> **TASK ITEM**: Please restate, word for word, the lines below that begin at the one with "Los parámetros de" and end at the one with "To prepare rellenitos, plantains". Leave out all other lines.

> **PROVIDED INFORMATION**:
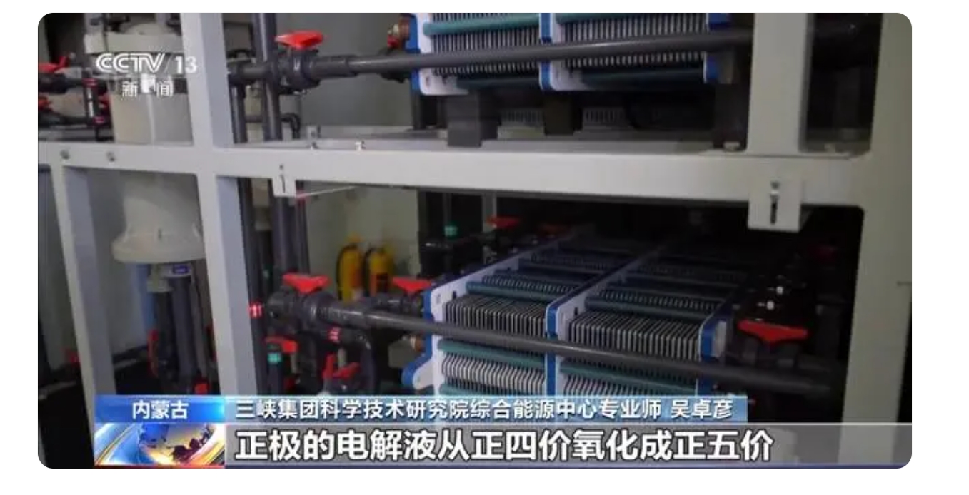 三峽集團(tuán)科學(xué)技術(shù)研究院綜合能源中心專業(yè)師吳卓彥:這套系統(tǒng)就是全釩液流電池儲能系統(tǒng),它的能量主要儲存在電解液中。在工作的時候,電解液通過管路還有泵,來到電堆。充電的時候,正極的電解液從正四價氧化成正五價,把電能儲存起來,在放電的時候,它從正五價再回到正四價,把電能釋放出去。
* * *
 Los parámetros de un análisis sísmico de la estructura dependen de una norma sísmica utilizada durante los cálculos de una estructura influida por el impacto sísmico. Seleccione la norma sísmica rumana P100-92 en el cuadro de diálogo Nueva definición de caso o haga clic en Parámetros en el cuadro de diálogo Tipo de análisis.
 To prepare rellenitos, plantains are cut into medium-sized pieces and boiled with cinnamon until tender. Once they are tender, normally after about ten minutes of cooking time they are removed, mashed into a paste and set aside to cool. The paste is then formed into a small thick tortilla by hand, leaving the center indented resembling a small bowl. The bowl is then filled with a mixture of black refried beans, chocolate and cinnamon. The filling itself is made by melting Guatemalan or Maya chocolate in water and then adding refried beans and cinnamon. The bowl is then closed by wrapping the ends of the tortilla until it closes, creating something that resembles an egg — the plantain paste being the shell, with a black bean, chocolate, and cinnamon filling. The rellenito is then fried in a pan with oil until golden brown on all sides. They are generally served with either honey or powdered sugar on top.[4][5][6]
...
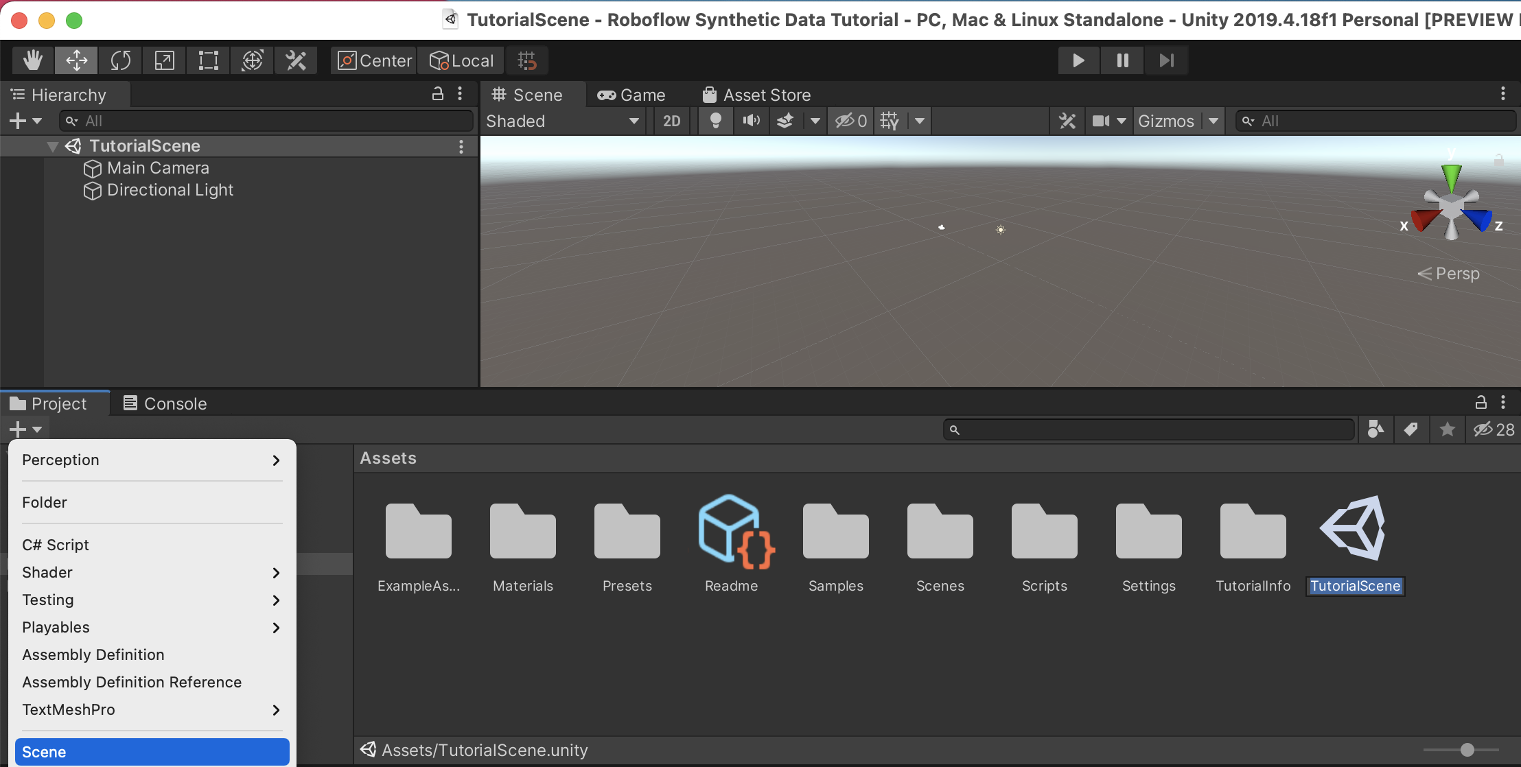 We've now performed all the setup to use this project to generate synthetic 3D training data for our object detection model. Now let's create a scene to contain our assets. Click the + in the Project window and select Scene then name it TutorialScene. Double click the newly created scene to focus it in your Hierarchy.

> **ANSWER TO THE EXERCISE**:
 Los parámetros de un análisis sísmico de la estructura dependen de una norma sísmica utilizada durante los cálculos de una estructura influida por el impacto sísmico. Seleccione la norma sísmica rumana P100-92 en el cuadro de diálogo Nueva definición de caso o haga clic en Parámetros en el cuadro de diálogo Tipo de análisis.
 To prepare rellenitos, plantains are cut into medium-sized pieces and boiled with cinnamon until tender. Once they are tender, normally after about ten minutes of cooking time they are removed, mashed into a paste and set aside to cool. The paste is then formed into a small thick tortilla by hand, leaving the center indented resembling a small bowl. The bowl is then filled with a mixture of black refried beans, chocolate and cinnamon. The filling itself is made by melting Guatemalan or Maya chocolate in water and then adding refried beans and cinnamon. The bowl is then closed by wrapping the ends of the tortilla until it closes, creating something that resembles an egg — the plantain paste being the shell, with a black bean, chocolate, and cinnamon filling. The rellenito is then fried in a pan with oil until golden brown on all sides. They are generally served with either honey or powdered sugar on top.[4][5][6]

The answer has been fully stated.